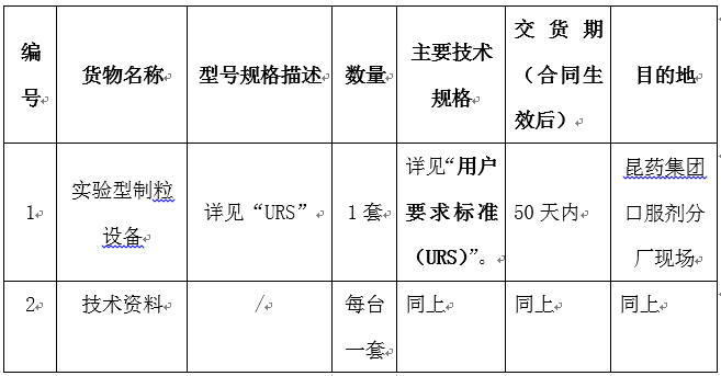 凯时尊龙集团口服剂分厂实验型制粒设备采购招标公告
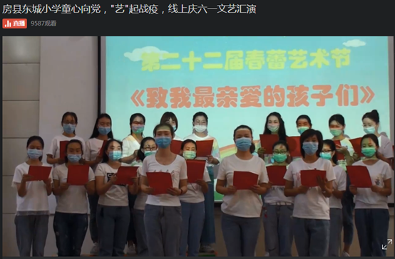 今日房县网讯 通讯员 王厚平 唐自力 报道:弹去五月的风尘,迎来六月的阳光,孩子们的心像怒放的花朵,荡起一片欢乐的海洋。为庆祝第70个国际六一儿童节,6月1日,房县实验小学、东城小学、实验学校、军店小学、天明小学等学校师生相聚云端联合创作、组织别开生面的线上六一儿童节庆祝活动。
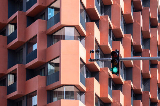 A green traffic light signals clear direction beside a uniquely designed building facade, showcasing the harmony between urban infrastructure and architectural creativity.
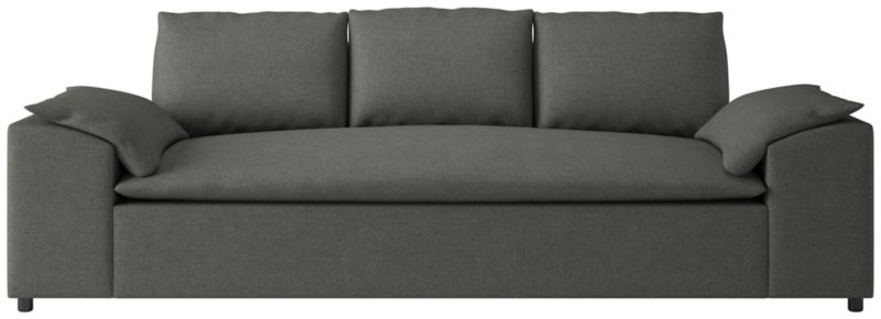 Designed by VUUE, sleeper sofa offers elevated comfort in a textural performance linen. The deep, loungy profile is contrasted by two angled arms that, when paired with the pillow-like cushions, make a perfect spot for an impromptu nap. Featuring a queen, memory foam mattress, the sofa effortlessly stretches out to a queen bed for overnight guests. CB2 exclusive.
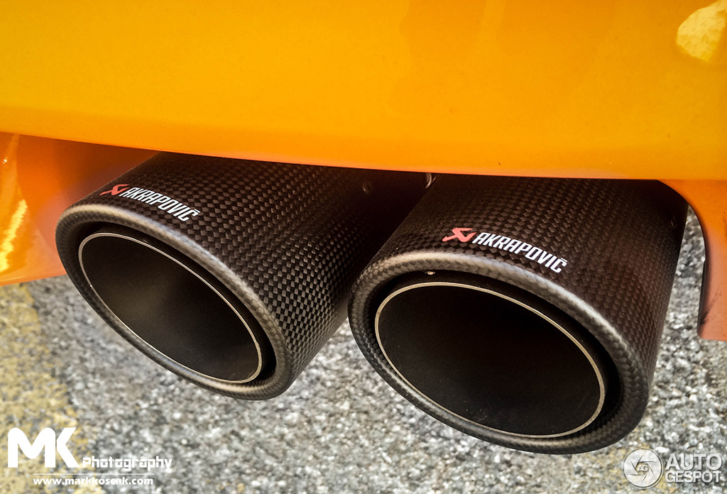 Die Akrapovic-Abgasanlage mit ihren Carbon-Aufsätzen für alle vier Endrohre sorgt auch am Heck für individuelle Akzente. Endgültige Klarheit hätte ein Blick in den Innenraum bringen können, ein entsprechendes Foto fehlt aber leider – auf den offiziellen Bildern zum Wittmann-M6 sehen wir Kontrastnähte und Interieurleisten in Feuerorange.

- Work item -
Reproduce the preceding material exactly, skipping pictures.

- Reply -
 凯时尊龙集团口服剂分厂实验型制粒设备采购招标公告
 今日房县网讯 通讯员 王厚平 唐自力 报道:弹去五月的风尘,迎来六月的阳光,孩子们的心像怒放的花朵,荡起一片欢乐的海洋。为庆祝第70个国际六一儿童节,6月1日,房县实验小学、东城小学、实验学校、军店小学、天明小学等学校师生相聚云端联合创作、组织别开生面的线上六一儿童节庆祝活动。
 A green traffic light signals clear direction beside a uniquely designed building facade, showcasing the harmony between urban infrastructure and architectural creativity.
 Designed by VUUE, sleeper sofa offers elevated comfort in a textural performance linen. The deep, loungy profile is contrasted by two angled arms that, when paired with the pillow-like cushions, make a perfect spot for an impromptu nap. Featuring a queen, memory foam mattress, the sofa effortlessly stretches out to a queen bed for overnight guests. CB2 exclusive.
 Die Akrapovic-Abgasanlage mit ihren Carbon-Aufsätzen für alle vier Endrohre sorgt auch am Heck für individuelle Akzente. Endgültige Klarheit hätte ein Blick in den Innenraum bringen können, ein entsprechendes Foto fehlt aber leider – auf den offiziellen Bildern zum Wittmann-M6 sehen wir Kontrastnähte und Interieurleisten in Feuerorange.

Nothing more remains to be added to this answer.